Глен просто продолжал мерить меня взглядом с озадаченным выражением лица, как будто он не мог понять, почему продолжает смотреть на меня.

Вероятно, не мог.

Понять, имею в виду.

В любом случае, из-за этой небольшой сцены Ник весь вечер постоянно отпускал уколы в адрес Мозера, практически с тех самых пор, как мы оставили его у Северного участка.

— Этот парень не очень хорошо понимает слово «нет», не так ли? — крякнул Ник, как будто прочёл часть моих мыслей по лицу. — Ты можешь поверить в наглость этого говнюка? Мы же работали, ради всего святого. Он как-то упустил этот момент? И что происходит с его сфинксоподобным напарником? Мне кажется, этот парень за весь день сказал два слова.

— Он нашёл другой символ, — напомнила я ему.

Ник пожал плечами, выражение лица чуть смягчилось.

— Верно.

Хокинг был тем, кто нашёл другой алхимический символ, предположительно оставленный убийцей. Ни один из криминалистов его не заметил, поскольку он был вырезан на внутренней стороне двери павильона, прямо по другую сторону того места, где убийца оставил тело.

Ник фыркнул, отправляя в рот ещё одну порцию пад тай.

— У него хорошая репутация на юге, — признал он. — У Хокинга, имею в виду. Тихий, но свою работу делает хорошо. Я разговаривал с Джоанной… помнишь её? — когда я кивнула, он вновь сосредоточился на еде, все ещё рассказывая. — Она сказала, что Хокинг и Мозер работали над этим делом с самого начала… что Мозер берет на себя всю прессу, но Хокинг много занимается беготней.

Он поднял глаза, бросая на меня ровный взгляд.

— Он также нашёл связь с наёмниками, док. Хокинг. Судя по словам Мозера, он уже после первого убийства начал называть парня бывшим военным. Что-то в том, как он преследует своих жертв. Хокинг служил в то же время, что и мы, плюс-минус. Он был рейнджером. Снайпером. Так что ему, вероятно, стоит поговорить с Блэком, когда он вернётся.

Я кивнула, обдумывая все это.

Все логично, учитывая то немногое, что я ощутила от Хокинга за несколько раз, что я его читала. У него был тип личности снайпера. Один из типов, во всяком случае.

По правде говоря, я проверила его отчасти из-за того, что мельком подумала, а не может ли он быть нашим убийцей. Парень, которого я почувствовала на лестнице, тоже был пустым, напоминая отсутствие присутствия, и именно таким казался мне Хокинг. Совпадение казалось мне слишком сильным, чтобы не сделать быстрой проверки, пусть даже ради подтверждения, что их отголоски не были одинаковыми.

Они не были одинаковыми.
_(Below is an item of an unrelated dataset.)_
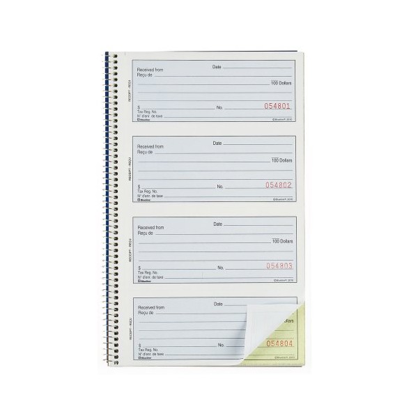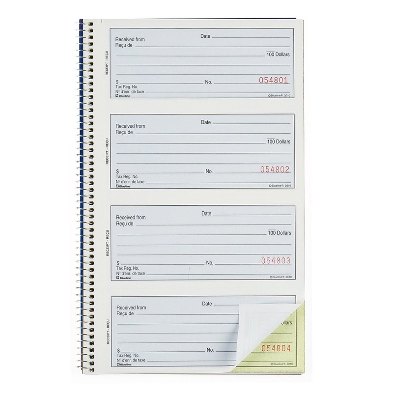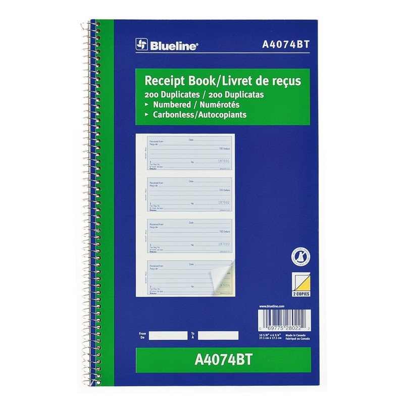 Blueline Receipt Book, 200 Numbered Duplicates, Carbonless, Bilingual 10-5/8" x 6-5/8" (A4074BT)

Возможно, в спецслужбах больше таких парней, чем я осознавала. Большинство моих знакомых могли трепать языком как никто другой, хотя я знала, что это также может быть формой маскировки.

Ничего из этого я не сказала за ужином. В конце концов, я поймала себя на мысли, что требуется тихий парень-охотник, чтобы поймать такого же.

Энджел лишь широко улыбалась словам Ника за ужином, слегка качая головой. И все же я видела, как она смотрит на меня с этой пристальной пытливостью во взгляде.

Практически с той же пытливостью, которую она нацелилась на меня прямо сейчас.

Я выдохнула.

— Ты имеешь в виду, почему я здесь? Почему я спросила, могу ли остаться у тебя? — я также подпёрла рукой подбородок, поворачиваясь к ней лицом. — Ты слышала Ника. Блэка нет в городе.

— Ты попросила остаться у меня ещё до того, как узнала об этом, — сказала Энджел, качая головой и показывая мне, что не поведётся на это. — И между вами двоими… все было… холодно. И я имею в виду не только на пирсе, когда он ушёл, даже не попрощавшись.

Я слегка закатила глаза, но почувствовала, как лицо заливает румянцем. Задумавшись, я отпила из своего бокала с вином. В конце концов, я смогла лишь пожать плечами.

— Я не знаю, — честно ответила я.

— Ты не знаешь?

Я один раз качнула головой.

— Я думаю, он злится на меня. Но честно, я не знаю.

— Ты думаешь, он злится на тебя, — повторила Энджел. — Блэк.

Я кивнула, встречаясь с ней взглядом.

— Он сказал мне спросить у тебя, могу ли я остаться с тобой. Он не хотел, чтобы я оставалась одна, но сказал, что я не могу остаться с ним. Это было до того, как он решил уехать… — помедлив, я нахмурилась. — Ну, я думаю, что до того. Если только он не решил уехать и просто не сказал мне об этом, — я нахмурилась ещё сильнее, обдумывая эту вероятность. — В любом случае. Он ясно дал понять, что не хочет, чтобы я оставалась с ним. Он просил дать ему передышку. Тут он высказался предельно ясно.

Чувствуя, как лицо снова заливает жаром, я покачала головой.

— Честно говоря, это сбивает с толку. Я первой сказала, что нам надо поговорить. А потом он отвечает мне, что если я хочу, чтобы он со мной поговорил, то сначала ему нужна передышка.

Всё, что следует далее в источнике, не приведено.